A skeletal figure in a brown cloak stood beside the throne, leaning on a twisted staff. His face was hidden beneath the hood of his cloak.
“Hello, Puppet,” Cassana greeted her. She was dressed in a rich, flowing gown, worn off one shoulder. The white cloth glittered in the candlelight like woven diamonds. A band of matching material circled her brow, holding her auburn hair in place. She turned the slim, blue wand over and over in her hands.

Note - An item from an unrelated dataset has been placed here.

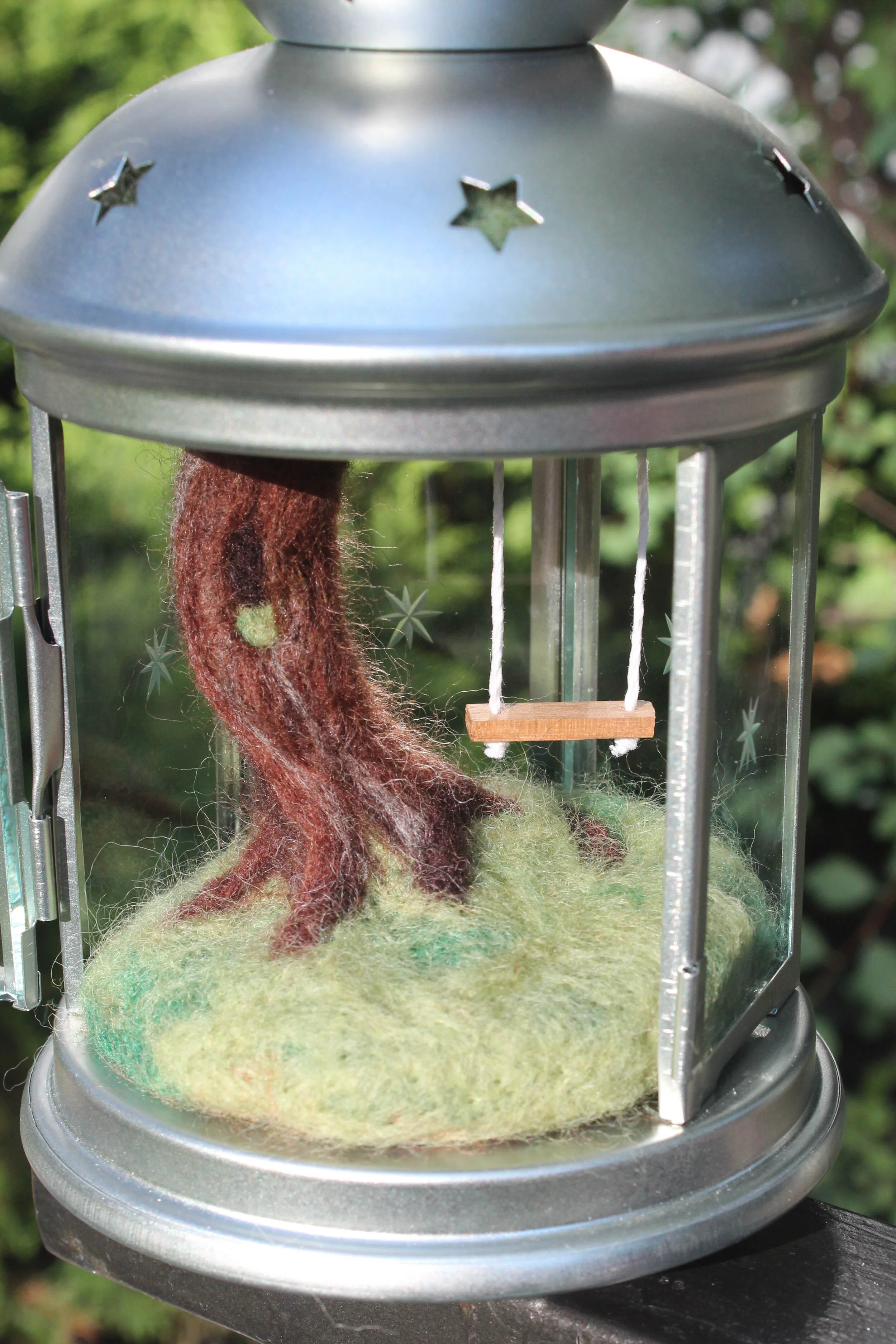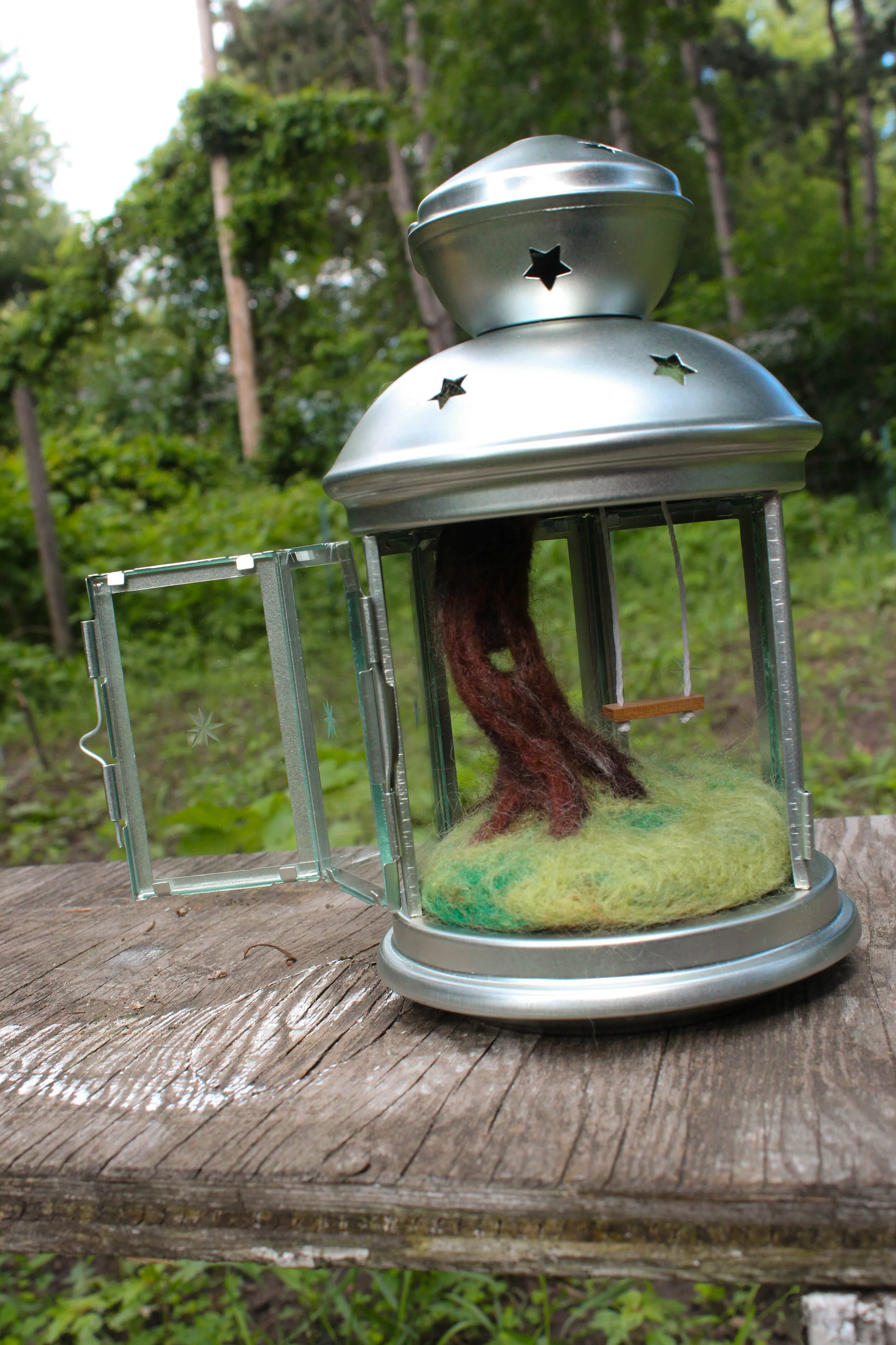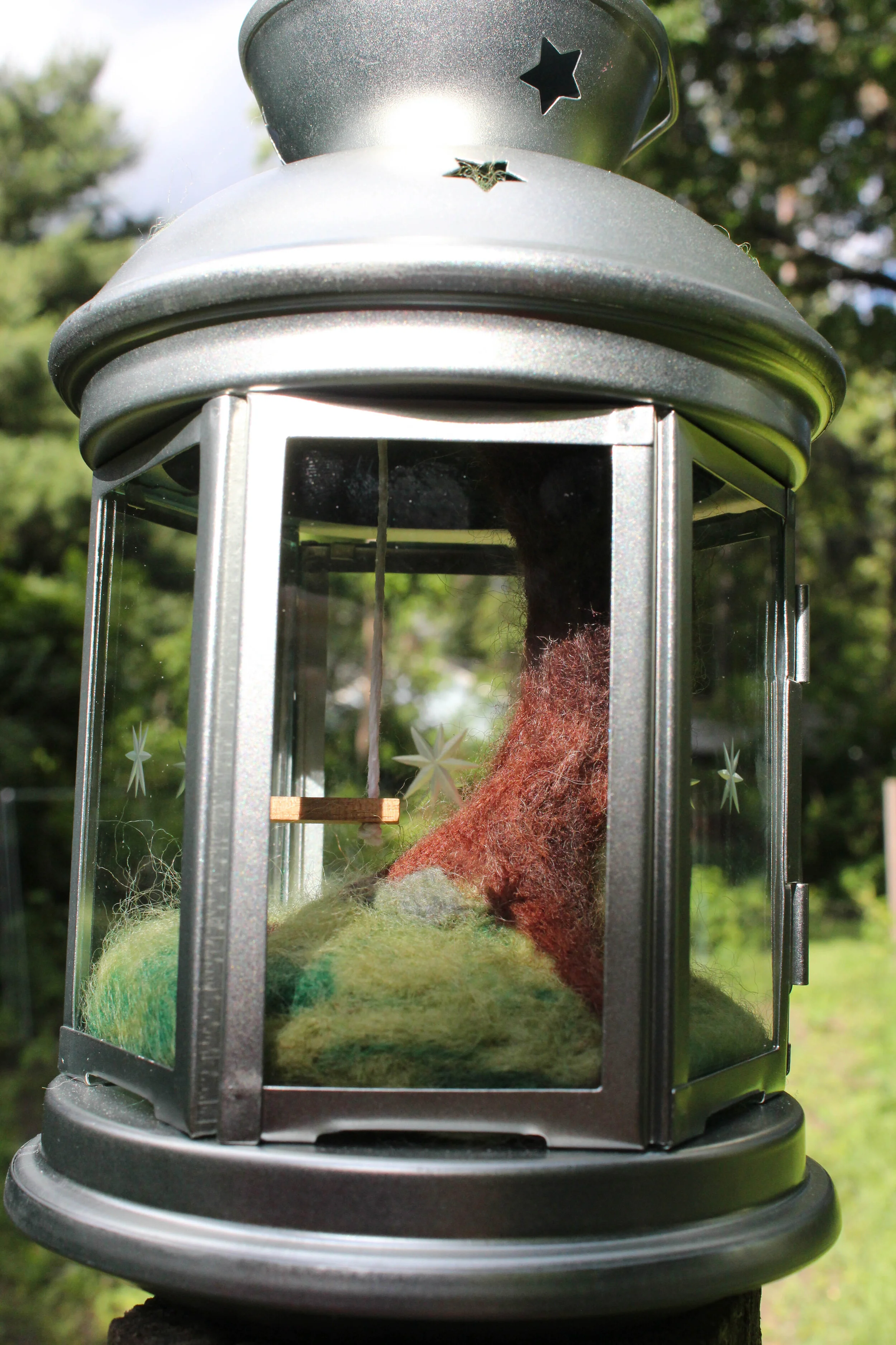 Sometimes, a thing just demands to be made.I've made tiny scenes under glass bells before, and I've known about these lanterns (from Ikea) for years, but last night I sat down with a lantern and my felting tools and went to town. I'm utterly delighted by the result: a felted scene that demands to be picked up, turned, and examined, with little details to notice.

Alias’s spine stiffened at the s
orceress’s address. The voice was so familiar, but not because it was her own. Alias recognized the harsh, bitter tones. She had listened to the voice before, and she had hated it then as she did now.
An old, lost memory surfaced. She was rising out of a pool of silver streaked with crimson. Cassana stood over her with that wand, laughing in low, rich tones—the laughter of a vain woman, delighted to see herself replicated.
Alias bared her teeth in a tight smile. “Hello, Cassana. Or should I call you Mother?”
Akabar now stood beside the swordswoman, his jaw slack, amazed at the resemblance Alias bore to the sorceress.
Cassana gave a guttural laugh and shattered her illusion of being an older Alias. Such a laugh could never come from Alias. It was a cruel, heartless laugh, and Alias was neither of those things.
Akabar pointed at the tall form beside the throne. “That’s the one who grabbed me.”
Cassana motioned lazily, and the skeletal figure reached up with age-rotted hands and flipped back the hood of its cloak. Beneath lay a skull covered with translucent, jaundiced flesh stretched like a drum head. Its features consisted of a rictus-grin, a deteriorating nose, and ebony eye sockets in which sharp points of light danced.
“Yesss,” the undead creature hissed. “I reached up and snared you tight, stopping your blood and freezing your muscles.” The creature flexed a skeletal hand, each finger bone sharp as a knife. “Yet you live, petty wizard. But only because the Lady Cassana craves unblemished fruit on occasion.” The undead creature laughed, too—a hoarse, wheezing laugh disturbingly familiar to Akabar. Try as he could, however, the Turmishman could not place it.
Alias did, though. She remembered the laugh in concert with Cassana’s, for this thing had also been present when Alias had been “born.” It had laughed at the swordswoman’s nakedness and helplessness—the same laugh that had emanated from the maw of the crystal elemental summoned by the undead thing.
“Zrie Prakis,” Alias whispered.
“Yes. I believe introductions are called for,” Cassana said, her tone as proper as a society matron’s. “I am Cassana. This male child is called Phalse.” The halfling looked up, and his too-wide smile grew even wider. “And this, as you have guessed, is Zrie Prakis, formerly a mage, now a lich. You’ve already heard, so I understand, of the grand passion he and I shared that nearly ended in a fiery blaze. But I never let go of things that are mine.” She grasped the blue wand tightly to emphasize her point.